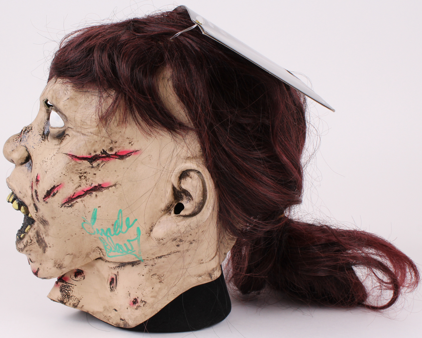 Rubber mask is hand-signed in green paint pen by Linda Blair (The Exorcist).
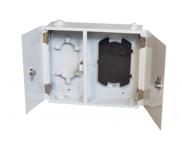 Настенный двухдверный оптический бокс 355х305x95 позволяет разделывать до 32 оптических волокон.
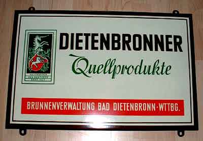 Dietenbronner Quelle schönes und gut erhaltenes Mineralwasser Schild, emailliert, abgekantet, 40 x 50 cm, Bad Dietenbronn Zustand 1 EURO 180,- |
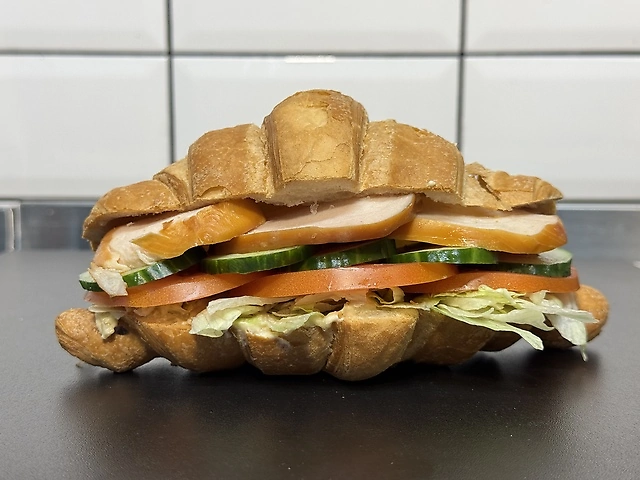 Круасан-сендвіч із куркою та пармезаном : це поєднання соковитої запеченої курки, ароматного пармезану, свіжих томатів і хрусткого айсберга. Завершує смакову гармонію ніжний соус ремолад, додаючи витончену пікантність кожному шматочку.
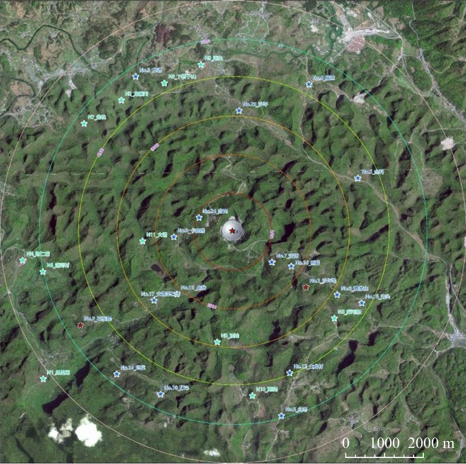 贵州省黔南州FAST周边30 km范围内,即FAST电磁波环境保护区。在此区域建设阵列望远镜既不影响地方经济发展,又能充分利用优良的台址环境,还能发挥FAST的灵敏度优势,可谓一举三得。

──────

DIRECTIONS FOR THIS TASK :: Find "Круасан-сендвіч із куркою" in the entries, then reproduce that line and each line after it exactly, through the last one. Pictures do not go in.

TASK SOLUTION ::
 Круасан-сендвіч із куркою та пармезаном : це поєднання соковитої запеченої курки, ароматного пармезану, свіжих томатів і хрусткого айсберга. Завершує смакову гармонію ніжний соус ремолад, додаючи витончену пікантність кожному шматочку.
 贵州省黔南州FAST周边30 km范围内,即FAST电磁波环境保护区。在此区域建设阵列望远镜既不影响地方经济发展,又能充分利用优良的台址环境,还能发挥FAST的灵敏度优势,可谓一举三得。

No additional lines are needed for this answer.